His jaw tensed but I could not stop myself.
“You just go around kissing girls without even thinking about the consequences.” Like he had with me. He had kissed me and I had kissed him back.
“You’re the one on your high horse treating me like I’m doing something wrong like hanging out with another girl when there is nothing going on between us. You are deluded Tessa.”
His words shook me. Deluded. I knew what that meant. Crazy. I was seeing my dead best friend in the bathroom mirror. He was right. I was crazy.
Mental issues ran in my family. My father.
I faltered, my anger evaporated but I was filled with so much pain. Pain from the past.
“I hate you,” I whispered.
“The feeling is mutual Tessa.” He folded his arms.
I gave a brief nod and turned my back on him as I headed back to my house.
I didn’t want to spent another moment in his company. Nothing good came from it. I was shaking inside. Crazy. The word echoed in me, bringing up all my fears.
I could not shake it free. If he knew how right he was I would be in a strait jacket and a white padded room.
It is why I hadn’t mentioned seeing Parker to anyone. They would judge me, just like I judging myself.
When I got to the front door, I looked back over my shoulder to see Damien still standing in the same place watching me.
I opened the front door as quietly as I could as not to wake up my grandmother and closed it behind me. For a moment I leaned against it, I felt so wiped. I released an emotional breath but did feel any better.
The confrontation with Joey had gone terribly and then the confrontation with Damien had gone even worse.
Joey I would be able to avoid but Damien was not going to be that easy. I would have to be in his space every morning and afternoon, I would have to figure out a way to ignore him. It was the only way.
Otherwise I didn’t know what I was going to do.
I was overwhelmed already, pushed to my emotional limit.
I looked up the stairs as I pushed off the door. I was still afraid to look in the mirror for fear of what I would see.
There was no what to explain it or confide in anyone. I had never felt so alone.
It made me miss Parker.
I sighed as I walked up the stairs and headed to my bedroom. Once inside I stood outside the bathroom door fearful and knowing I had to conquer the fear.
If I could just go inside and look in the mirror and not see the ghost of my dead friend maybe I could put it down to an isolated incident that did not need explaining.
People saw ghosts all the time, it didn’t mean they were crazy.

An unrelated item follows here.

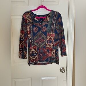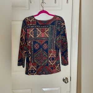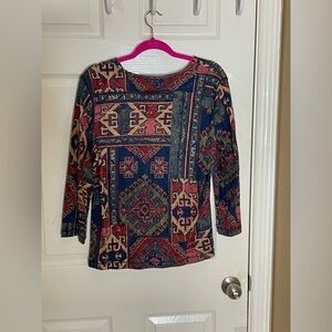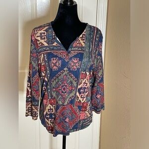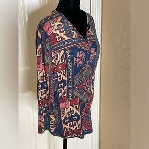 Machine washable for easy care, this multicolor shirt is sure to turn heads with its Aztec theme and button accents. Perfect for any occasion, this pre-owned shirt is a must-have for any fashion-savvy woman. Don't miss out on this stylish addition to your wardrobe.

Feeling emboldened I entered the bathroom and took a deep brave breath before I stepped in front of the mirror. I had been avoiding looking into the mirror since I had seen Parker. But this time there was only me, my reflection staring back at me. My eyes were red and puffy. Tears steaks on my cheeks. I looked a mess.
I released the breath I had been holding. Everything was fine. No ghost, Just me.

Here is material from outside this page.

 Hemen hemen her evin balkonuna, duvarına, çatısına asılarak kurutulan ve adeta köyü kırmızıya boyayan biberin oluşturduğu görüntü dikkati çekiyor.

I felt relieved. See I wasn’t crazy, I wasn’t seeing any ghosts.
In that moment I felt a glimmer of hope that I wasn’t losing my mind and that despite what had happened with Joey things might not be as bad as I thought.
I reached for my tooth brush and squirted some toothpaste on it.

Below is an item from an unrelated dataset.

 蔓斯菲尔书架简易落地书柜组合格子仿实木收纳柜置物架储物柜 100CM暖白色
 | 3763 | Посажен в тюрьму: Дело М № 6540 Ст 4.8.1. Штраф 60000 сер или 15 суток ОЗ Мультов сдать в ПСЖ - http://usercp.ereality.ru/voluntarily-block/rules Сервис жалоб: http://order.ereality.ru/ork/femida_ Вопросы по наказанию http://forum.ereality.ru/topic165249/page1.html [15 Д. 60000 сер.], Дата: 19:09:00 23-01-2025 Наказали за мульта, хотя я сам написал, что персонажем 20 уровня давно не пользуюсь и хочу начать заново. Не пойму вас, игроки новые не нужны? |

When I lifted it to my mouth everything stopped. In my reflection in the mirror standing behind me was Parker.
I dropped the tooth brush that clanked on the counter.
“Tessa.” The sound of his voice brushed against my cheek.
Then I screamed before shoving my hands over my mouth. I could not wake my grandmother.
I fumbled and a glass container of face cream smashed against the floor. In my haze I stepped on the glass and cried out as I lifted the foot. Blood dripped from the wound. I grimaced.